Recipe: Batch-Scrape a URL List

Scrape dozens (or hundreds) of unrelated URLs in one async job — no crawling, no link discovery, just your exact list processed in parallel.


When to Use Batch Instead of Crawl

Situation Use
You already know every URL you want Batch
You need to discover links from a seed domain Crawl
URLs span multiple domains Batch
You want maxDepth / maxPages control over discovery Crawl
You want all pages under one site section Crawl
Processing a CSV export, sitemap, or search results list Batch

Batch (POST /v2/batch/scrape) and crawl (POST /v2/crawl) share the same async job machinery and identical status/response envelopes. The difference is the input: batch takes an explicit urls array, crawl takes a single seed URL and discovers the rest itself.


How It Works

POST /v2/batch/scrape        →  { id, url, invalidURLs }
GET  /v2/batch/scrape/{id}   →  { status, total, completed, data[], next }
GET  /v2/batch/scrape/{id}?skip=100   (paginate large results)
DELETE /v2/batch/scrape/{id}  (cancel)
GET  /v2/batch/scrape/{id}/errors

Status values: scrapingcompleted | failed

The response is paginated (100 documents per page, max ~10 MB per page).

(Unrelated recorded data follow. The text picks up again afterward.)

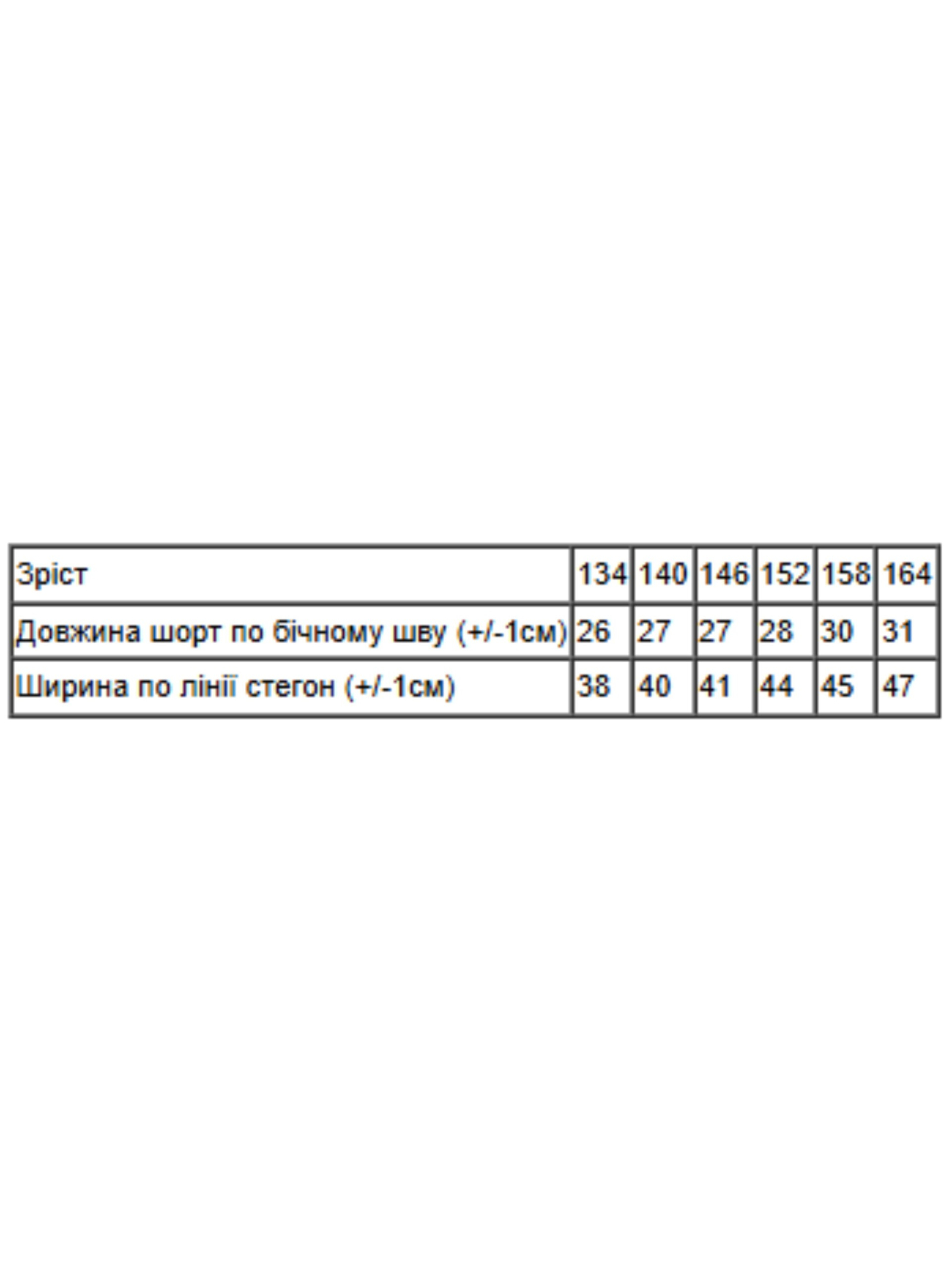 Полотно: двонитка принтована Склад полотна: 80% бавовна, 20% поліестер Зріст: 116,134-164 Літні шорти для дівчинки - незамінний елемент літнього гардеробу. Вони виготовлені з високоякісних матеріалів, що забезпечують комфорт та свіжість під час спекотних днів. Шорти мають стильний дизайн і різноманітні кольори, які доповнять образ вашої маленької модниці. Цей одяг підходить для активних ігор, прогулянок або відпочинку на морі. Замовте літні шорти для дівчинки на сайті та додайте свіжих кольорів у її літній гардероб. Доставка по всій Україні!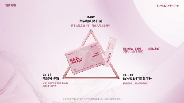 女性专属配方(小粉条)针对女性生理特点进行特别设计,关注女性特定健康领域的微生态平衡,孕期及哺乳期女性也可安心使用。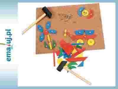 Kreatywna zabawa z przybijaniem elementów do tablicy korkowej. Wymaga twórczego podejścia do zbudowania różnych wzorów z pojedynczych elementów, przybicia ich gwoździami z zaokrągląną główką do korkowej tablicy.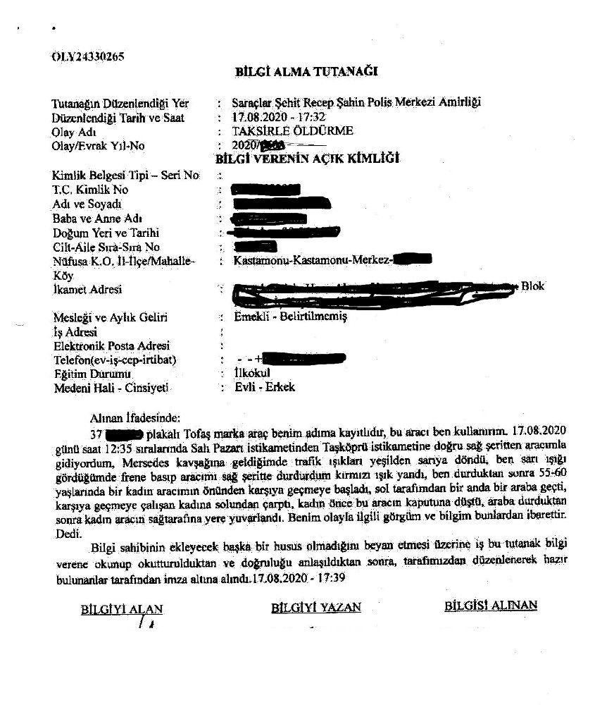 Açılan soruşturmada kazanın görgü tanıklarından K.K, Cumhuriyet Savcılığında verdiği ifadesinde, "Olay günü sağ şeritten aracımla seyir halindeydim. Kavşağa geldiğimde trafik ışıkları yeşilden sarıya döndü, ben sarı ışığı gördüğümde frene basıp aracımı sağ şeritte durdurdum ve kırmızı ışık yandı. Ben durduktan sonra 55-60 yaşlarında bir kadın aracımın önünden karşıya geçmeye başladı, sol tarafımdan bir anda bir araba geçti, karşıya geçmeye çalışan kadına çarptı. Kadın önce aracın kaputuna düştü, araba durduktan sonra kadın aracın önüne doğru yuvarlandı. Benim olayla ilgili bilgim ve gördüğüm bundan ibarettir" dedi.

While status is scraping, the next cursor is set even if the current page is empty — keep polling forward until next is null and status is completed.


Examples

Target URLs

These three unrelated pages are used throughout the examples below:

https://news.ycombinator.com/
https://github.com/trending
https://lobste.rs/

cURL

Step 1 — Start the job

curl -s -X POST https://api.fastcrw.com/v2/batch/scrape \
  -H "Authorization: Bearer $CRW_API_KEY" \
  -H "Content-Type: application/json" \
  -d '{
    "urls": [
      "https://news.ycombinator.com/",
      "https://github.com/trending",
      "https://lobste.rs/"
    ],
    "formats": ["markdown", "links"]
  }'

Expected response:

{
  "success": true,
  "id": "a1b2c3d4-e5f6-7890-abcd-ef1234567890",
  "url": "https://api.fastcrw.com/v2/batch/scrape/a1b2c3d4-e5f6-7890-abcd-ef1234567890",
  "invalidURLs": []
}

Save the id value.


Step 2 — Poll for status

JOB_ID="a1b2c3d4-e5f6-7890-abcd-ef1234567890"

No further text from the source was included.